**RECORD EXTRACTS**:

---

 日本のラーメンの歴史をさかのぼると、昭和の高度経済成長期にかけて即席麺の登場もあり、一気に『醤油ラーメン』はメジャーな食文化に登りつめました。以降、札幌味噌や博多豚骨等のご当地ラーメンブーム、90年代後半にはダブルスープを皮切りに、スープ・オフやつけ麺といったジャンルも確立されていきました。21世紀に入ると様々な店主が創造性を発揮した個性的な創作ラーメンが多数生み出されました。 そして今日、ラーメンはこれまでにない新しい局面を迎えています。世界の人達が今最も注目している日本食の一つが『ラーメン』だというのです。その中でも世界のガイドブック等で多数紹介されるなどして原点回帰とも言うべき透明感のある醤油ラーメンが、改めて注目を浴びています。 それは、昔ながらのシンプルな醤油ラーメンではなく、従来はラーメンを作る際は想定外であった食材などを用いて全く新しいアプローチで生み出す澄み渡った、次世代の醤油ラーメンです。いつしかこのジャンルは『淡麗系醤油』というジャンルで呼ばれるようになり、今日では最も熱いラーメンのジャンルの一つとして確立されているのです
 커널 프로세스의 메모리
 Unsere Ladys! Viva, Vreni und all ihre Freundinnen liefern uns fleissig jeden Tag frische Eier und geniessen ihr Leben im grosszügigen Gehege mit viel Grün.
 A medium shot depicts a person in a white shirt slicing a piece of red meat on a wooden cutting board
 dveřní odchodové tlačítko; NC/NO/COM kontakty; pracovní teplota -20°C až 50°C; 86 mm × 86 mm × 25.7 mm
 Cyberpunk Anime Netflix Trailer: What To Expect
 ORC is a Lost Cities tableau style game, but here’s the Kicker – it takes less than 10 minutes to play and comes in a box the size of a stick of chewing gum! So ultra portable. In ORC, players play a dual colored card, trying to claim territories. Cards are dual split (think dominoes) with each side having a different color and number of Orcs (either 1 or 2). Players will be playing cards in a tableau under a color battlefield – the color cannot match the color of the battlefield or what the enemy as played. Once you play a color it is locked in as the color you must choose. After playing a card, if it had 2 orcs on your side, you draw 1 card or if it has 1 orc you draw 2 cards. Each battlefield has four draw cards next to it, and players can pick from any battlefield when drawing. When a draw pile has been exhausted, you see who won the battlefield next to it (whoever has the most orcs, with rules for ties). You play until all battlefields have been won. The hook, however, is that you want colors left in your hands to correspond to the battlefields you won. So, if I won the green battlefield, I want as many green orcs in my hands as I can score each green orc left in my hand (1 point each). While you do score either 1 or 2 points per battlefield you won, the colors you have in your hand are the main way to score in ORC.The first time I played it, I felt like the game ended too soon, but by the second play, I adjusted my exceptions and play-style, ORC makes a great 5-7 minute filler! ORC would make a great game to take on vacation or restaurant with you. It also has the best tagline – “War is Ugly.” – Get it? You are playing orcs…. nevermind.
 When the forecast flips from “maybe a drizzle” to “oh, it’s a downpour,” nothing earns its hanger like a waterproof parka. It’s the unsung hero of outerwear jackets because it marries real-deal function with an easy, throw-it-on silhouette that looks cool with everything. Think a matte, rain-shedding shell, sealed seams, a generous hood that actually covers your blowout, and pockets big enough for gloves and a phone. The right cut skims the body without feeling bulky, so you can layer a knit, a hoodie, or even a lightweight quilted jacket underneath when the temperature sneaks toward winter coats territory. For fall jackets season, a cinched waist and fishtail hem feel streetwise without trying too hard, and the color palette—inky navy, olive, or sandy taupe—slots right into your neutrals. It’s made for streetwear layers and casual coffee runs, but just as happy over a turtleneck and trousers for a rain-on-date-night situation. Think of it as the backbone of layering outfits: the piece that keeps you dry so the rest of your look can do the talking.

---

**WHAT THE EXERCISE ASKS**: Referring to the material above, set down exactly the lines between the line with "A medium shot" and the line with "Cyberpunk Anime Netflix", inclusive, and no other lines.

**EXERCISE ANSWER**:
 A medium shot depicts a person in a white shirt slicing a piece of red meat on a wooden cutting board
 dveřní odchodové tlačítko; NC/NO/COM kontakty; pracovní teplota -20°C až 50°C; 86 mm × 86 mm × 25.7 mm
 Cyberpunk Anime Netflix Trailer: What To Expect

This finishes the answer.